A close relation of The Suicide. Our protagonist is a shining rainbow of goodness, so he couldn't possibly kill the villain. But suicide is much too dark! It cannot be! So let the law of gravity decide this, hence absolving our protagonist of any guilt. Sometimes the protagonist will even try to catch the villain. Much goodness!

Delight rating: Argh, no. I like to see protagonists struggle. It may be passable if there are better villains around, but I think it's cheating.

The One Where They're Not Really A Villain and Dies to Redeem Themselves

I mean ... SOME villains delight in villainy *cough*Cait*cough*. But others actually have a moral compass and they might have an epiphany that they're on the wrong side. So they try to switch sides ... and boom. They're gone just moments after their decision. Sometimes the protagonist doesn't even find out about the change of heart until after they're dead and buried.

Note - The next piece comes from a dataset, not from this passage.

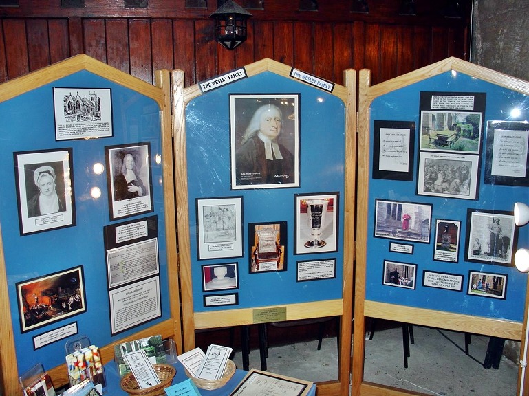 3백 명쯤 앉을 수 있을 것 같은 예배실에는 서너 명의 인부들이 낡은 벽면을 뜯어내고 있었다. 어린 시절 존 웨슬리를 비롯한 사무엘의 자녀들이 세례를 받았던 팔각형 돌 세례반, 성례전을 위해 사용했다는 수산나의 의자, 벽 쪽에는 웨슬리와 관련된 내용과 웨슬리탄생 3백주년에 이곳에서 벌어졌던 행사들이 병풍처럼 전시돼 있었다. 웨슬리가 여덟 살이 되어 최초로 성찬을 분급 받았을 때 사용했다는 은으로 된 성배는 루트교회로 옮겨져 직접 눈으로 확인할 수는 없었다.

Delight rating: I'm always wary of easy redemptions, but most examples are fantastic. The key part here, I think, is how the protagonist handles the aftermath. They can't just skip merry circles over this "villain's" grave, but they also can't heap too much cake on the altar! It's a conundrum!

Interested in examples of villain deaths from real books? Get the breakdown of several popular series here:

Read all about which villain death is in popular books!

The One Where They're Not Really A Villain Because They Died 25% In

So there's this bad guy. He comes right in the first couple chapters doing baddie things and stealing children's cake — and then he dies?!? Maybe the hero succeeded too early and it's really about dealing with the fallout. Maybe he was killed by another villain! Maybe someone shot first.
Delight rating: Quite cool when done on purpose. But it can feel like a letdown if the replacement villain isn't as good as the initial one.

The One Where They're Not Really Dead

Well, yeah. Sometimes the villain dies and there's so much emotional impact but then ... it just feels like a void. There's nothing for the heroes to fight anymore. So to solve this problem, the villain is brought back for the sequel.
Delight rating: again, this feels like cheating. NEW, equally fantabulous villains should be introduced instead! But sometimes I loved them too much to really complain about the decision — besides, Deus Ex Machinas are always more acceptable when they conspire against the protagonist.

So that's the seven types of villain deaths!

Now, the delight rating is simply my personal feelings, but interested in how popular these villain deaths are in books? I categorised the deaths of major villains in Harry Potter, Star Wars, Lord of the Rings, A Song of Ice and Fire, and A Darker Shade of Magic — and the stats are making me rethink how to kill of my own villains!

Get the breakdown of villain deaths in popular books!

Which is YOUR favourite villain death? Have I missed any villain deaths? (and mark spoilers for any passersby in the comments!)

Twitter-sized takeout:
P.S.: Using the terms 'villain' and 'antagonist' more or less interchangeably here, for the sake of simplicity.